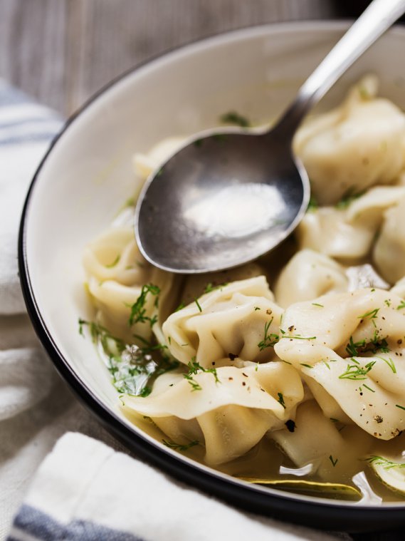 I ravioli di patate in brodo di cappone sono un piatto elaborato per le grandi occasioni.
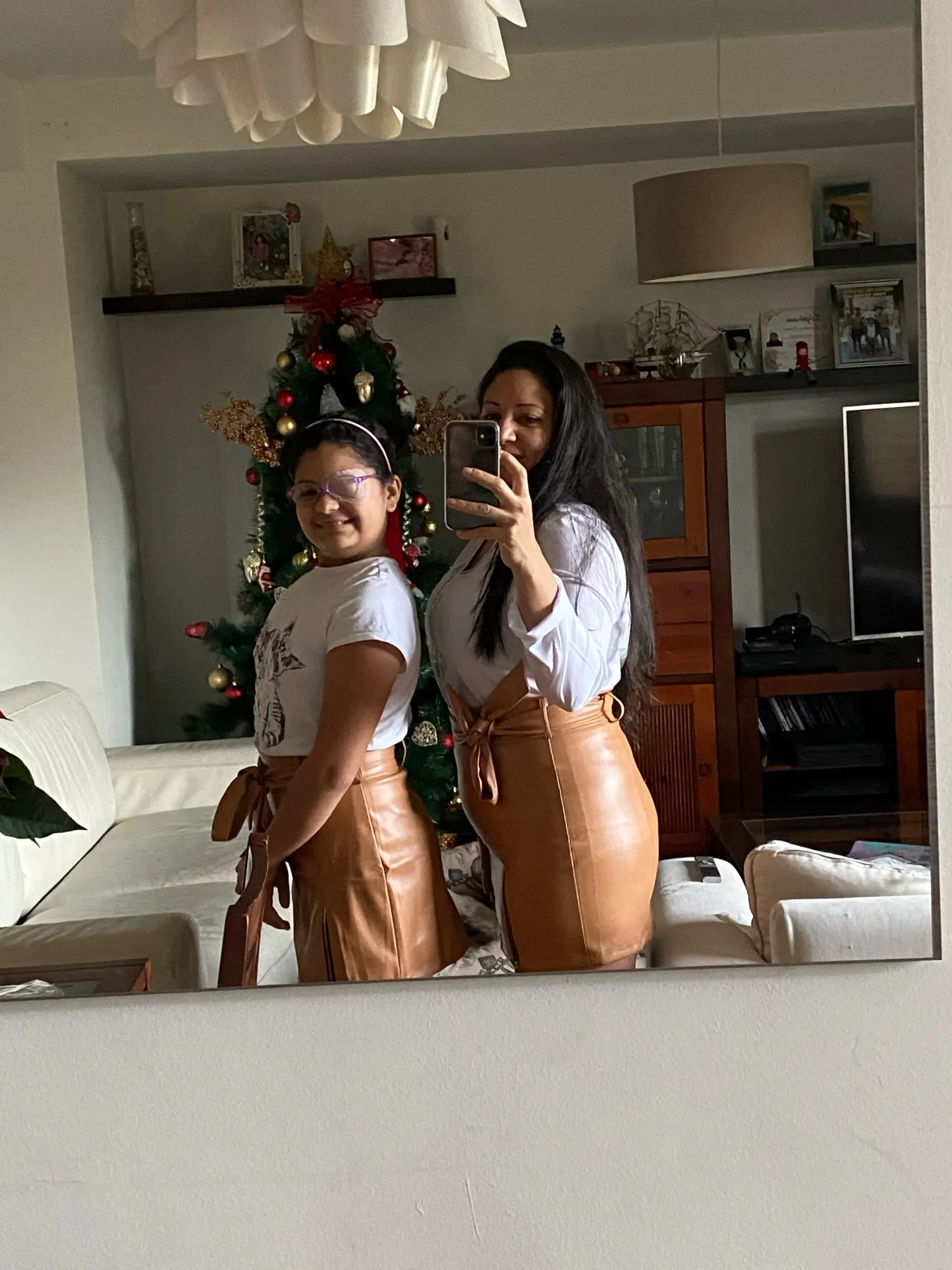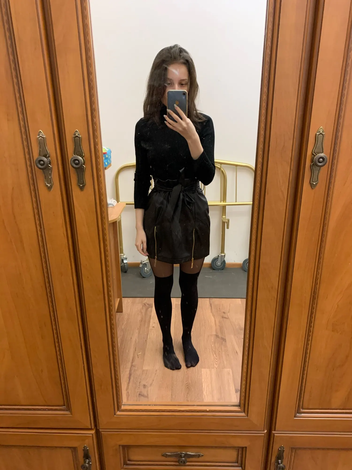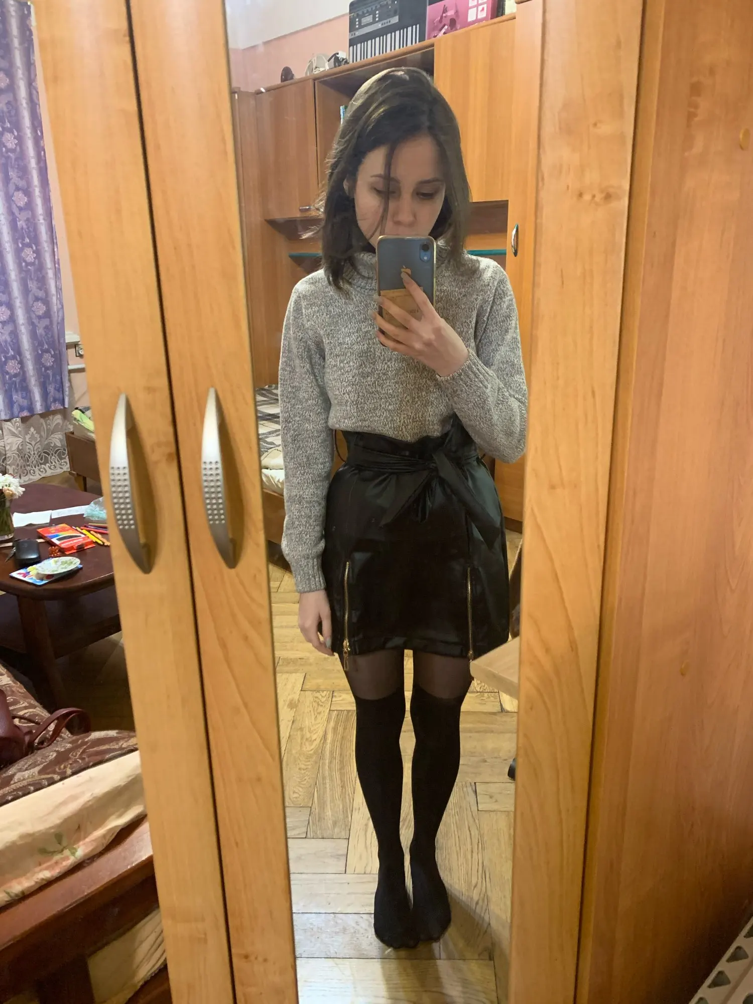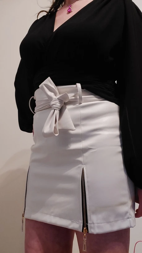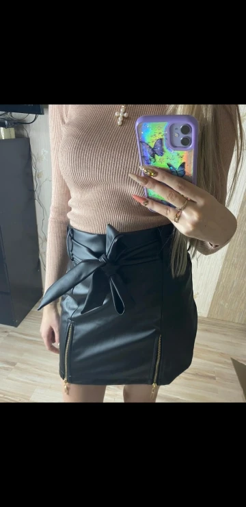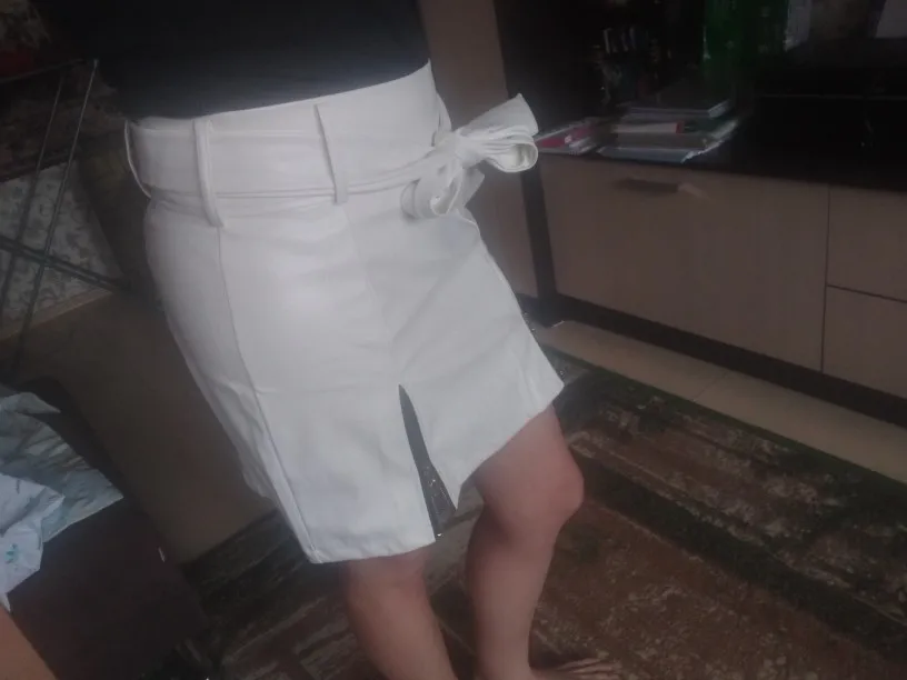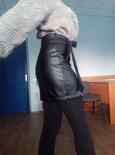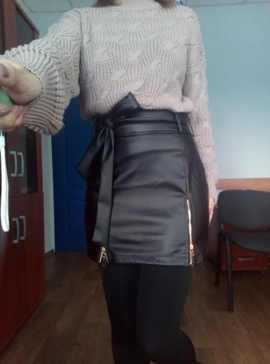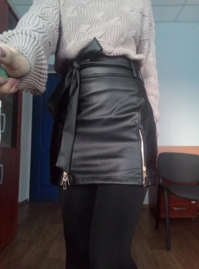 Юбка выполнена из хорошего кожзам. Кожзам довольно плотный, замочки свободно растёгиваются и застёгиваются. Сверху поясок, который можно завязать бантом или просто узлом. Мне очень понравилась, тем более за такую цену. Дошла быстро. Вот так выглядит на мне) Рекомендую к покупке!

==

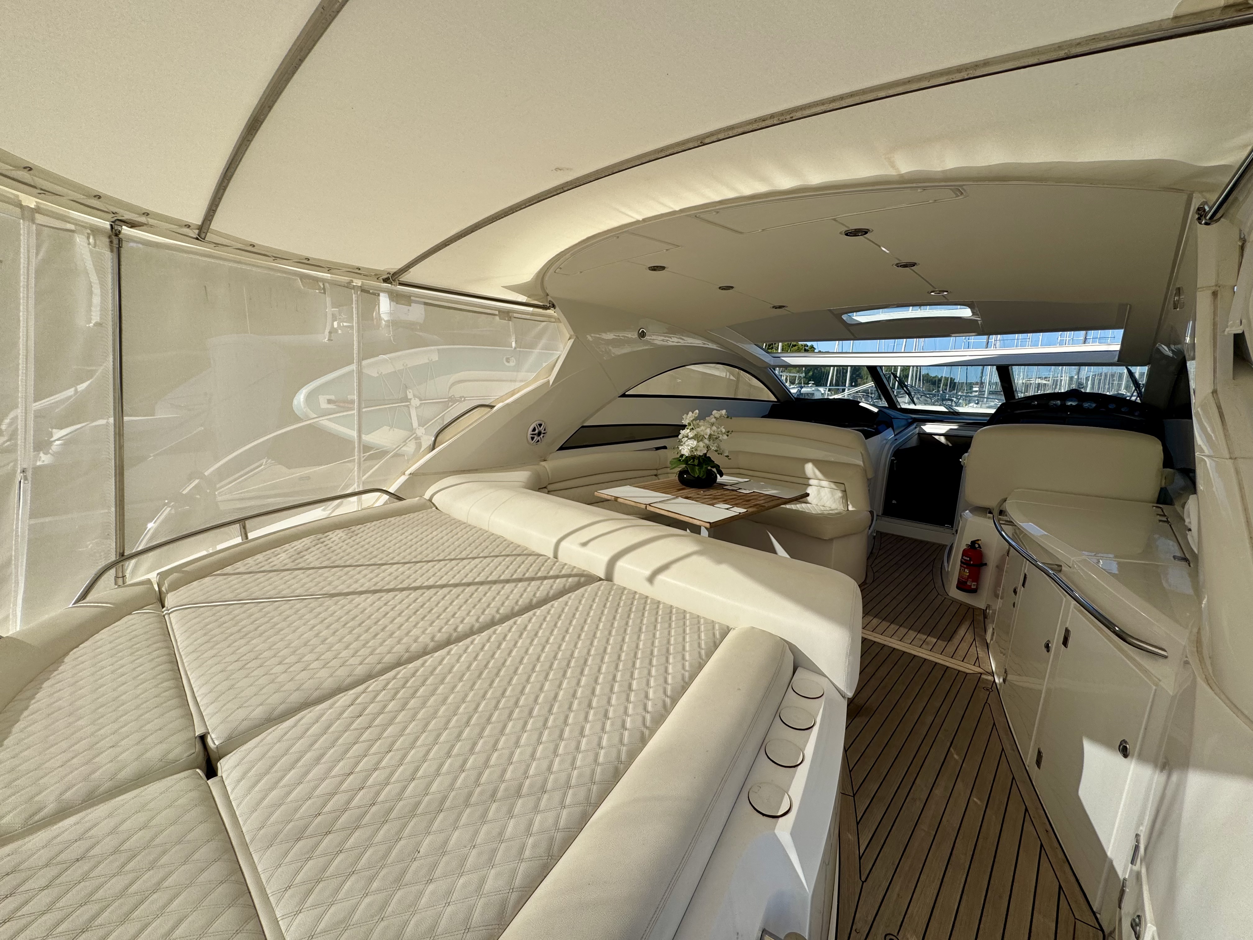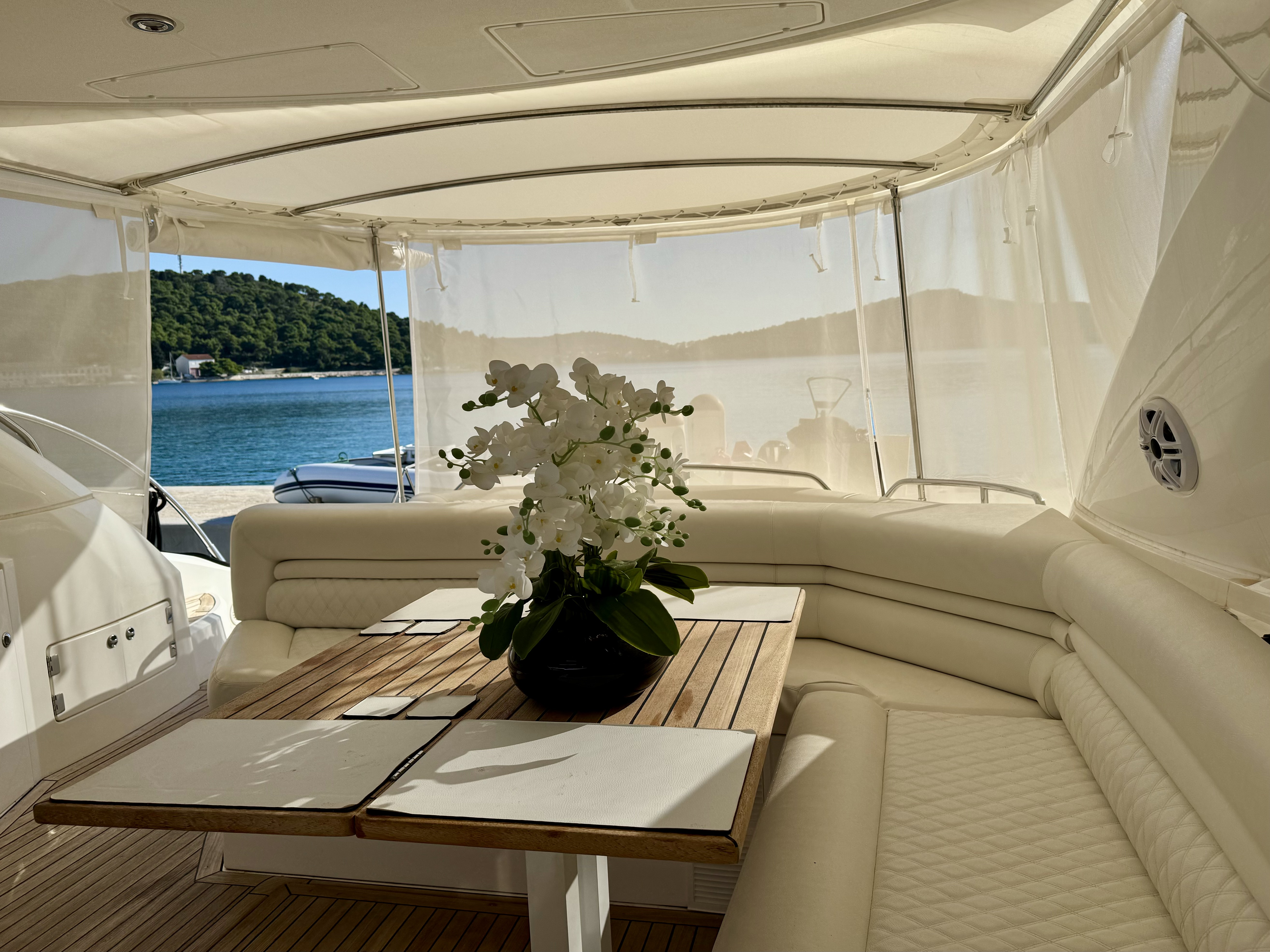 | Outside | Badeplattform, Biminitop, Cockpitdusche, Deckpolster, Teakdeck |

#### Your instructions
Reproduce exactly the lines above that run from the one with "I ravioli di" to the one with "Юбка выполнена из", both included, leaving pictures out.

#### Worked solution
 I ravioli di patate in brodo di cappone sono un piatto elaborato per le grandi occasioni.
 Юбка выполнена из хорошего кожзам. Кожзам довольно плотный, замочки свободно растёгиваются и застёгиваются. Сверху поясок, который можно завязать бантом или просто узлом. Мне очень понравилась, тем более за такую цену. Дошла быстро. Вот так выглядит на мне) Рекомендую к покупке!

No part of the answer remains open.